7/13/2016Texas Board Reprimands Red Light Camera Engineer
Texas Board of Professional Engineers finds red light camera company employee failed to follow the law in conducting a traffic study.
The Texas Board of Professional Engineers on May 26 reprimanded the former engineering manager at American Traffic Solutions (ATS) for misconduct related to a red light camera study in the city of Magnolia. Robert B. Zaitooni worked for ATS from 2009 to 2014 producing the formal documentation that many states require before automated ticketing machines can be installed.
"Based upon the complainant's allegations, it appears you conducted engineering and related business affairs in an unprofessional manner by failing to include your Texas engineer seal, signature and date on the drawings," the board's compliance director CW Clark wrote in an October 22, 2015 notice of violation to Zaitooni. "Such actions show a lack of care and diligence in the practice of engineering. Further, you failed to include the firm registration number for ATS on the drawing. Such actions would appear to be violations of the Texas Engineering Practice Act and board rules."

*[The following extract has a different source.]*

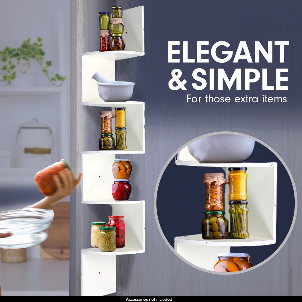 Decorative and functional zig-zag corner wall shelf with 5 shelves makes space utilisation possible from any corner. Creative design and space saving solution for small areas. Display collectables, photos, toys, awards, CD's, videos, decorative items and more.

ATS had asked Zaitooni to create a report that would justify installing a red light camera in the city of Magnolia at the intersection of Magnolia Boulevard and Melton Street. A local engineer wanted to see what justifications were made for the camera, so he asked the city for a copy. He received an installation drawing and some informal notes that did not address possible engineering alternatives to cameras, as required by the state legislature.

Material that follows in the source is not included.